Não sei bem dizer em que momento exatamente os números pararam de fazer sentido. Mas o CPF me levou até o relógio e logo aquele modo de organização da vida deixou de representar pra mim qualquer senso de realidade. Os números não diziam nada sobre meu verdadeiro eu e as horas vendidas em troca de números virtuais não compensavam a vida que se esvaía pelo ralo. Como o lugar, o tempo se tornou palpável e eu queria sumir de dentro do relógio.
De repente, eu me tornei atenta. Um sentimento passou a me inundar, a atenção de viver que, mais que atenção à vida, era o processo de vida em mim. Estaria eu, até então, vivendo não a verdade, mas o mito da verdade? Eu não podia mais negar. O quê? Eu não sei bem, só sei que não podia mais…

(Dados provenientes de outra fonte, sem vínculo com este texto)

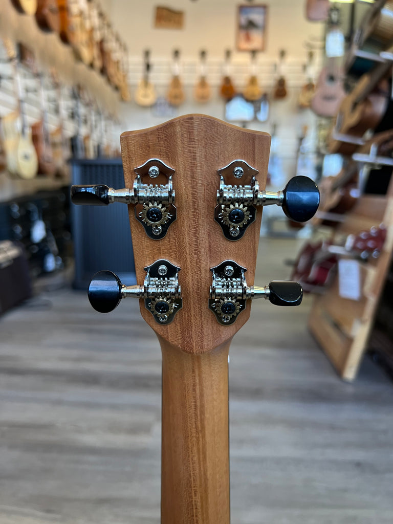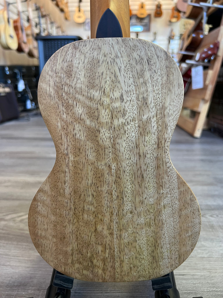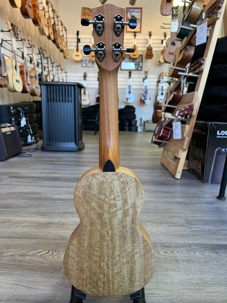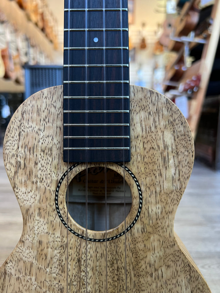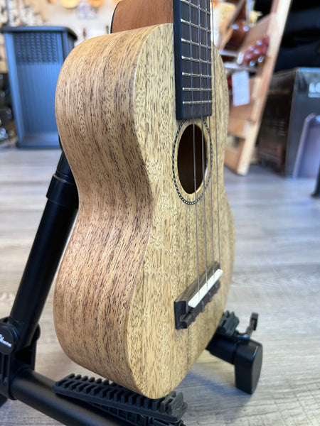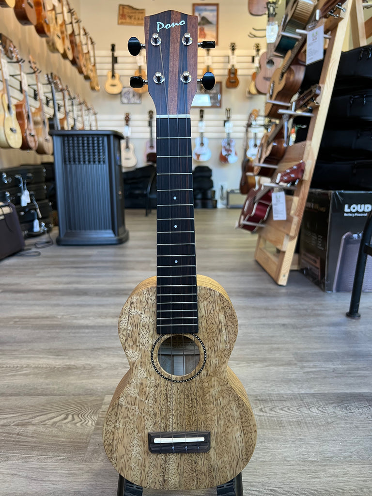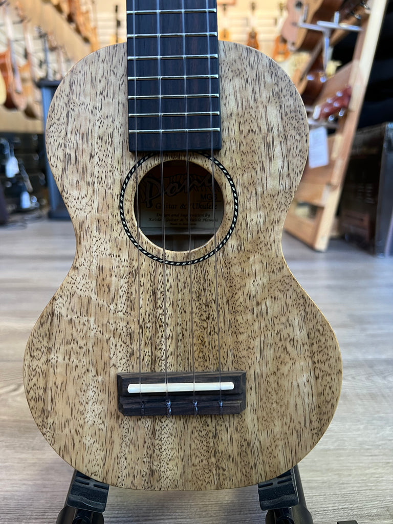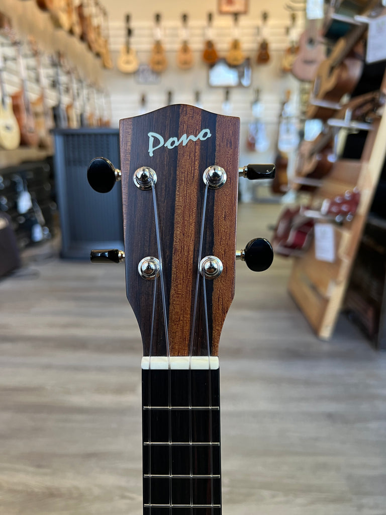 Great little soprano from Pono Ukuleles. This one features an all solid mango body to go along with the ebony bridge and fingerboard. The tone is very warm and classic Hawaiian ukulele sounding. The action is also great making it easy to play for hours. Aloha to that !!

Algo havia se transformado e tudo passou a ser passível de questionamento. O que eu vivia era o mais puro, límpido, processo do instante. Do agora. E o agora eu nunca tinha imaginado. As palavras planejadas, pensadas, os gestos arquitetados, a conversa ensaiada, a morte. Tudo isso era imaginável pois era o futuro. O futuro está aberto e é imaginável. E para imaginar, ah, pra isso eu tivera tempo. Tivera bastante tempo. Mas nunca pensara sobre o instante do agora. Entre eu e o presente não há intervalo nem tempo de preparo; é agora, em mim.
Morrer eu sabia de antemão e morrer era o futuro esperado. Mas o agora… ah, o agora não se pretende até o momento em que chega e desabrocha e te inunda. Nunca antes eu soubera que a hora de viver não tem palavra. O momento em que eu vivia, ali, recém chegada do supermercado, a mochila com as compras lançada no chão, aquela casa de dois cômodos tão pequena quanto quão grande já tinha sido. Olhava ao redor e eu não cabia. Eu não cabia. Não era na casa que eu não cabia, não cabia mais nas métricas numéricas do Mundo. Preço, hora, dados… quem, até então, tinha sido eu, afinal?! Não havia mais tempo a perder. A hora de viver estava sendo tão já que eu encostava a boca na matéria da vida. Finalmente sucumbi, e o momento tornou-se um agora. Respirei fundo, e, no silêncio entre o inspirar e o expirar, escutei a respiração do mundo. Perder-se é um achar-se perigoso e delicioso. E o viver, a partir daquele instante que me escapava entre os dedos, ganhou um novo compasso de medida.
Talvez se eu criar e escrever sobre a vida, a vida passe a ter um sentido em ser.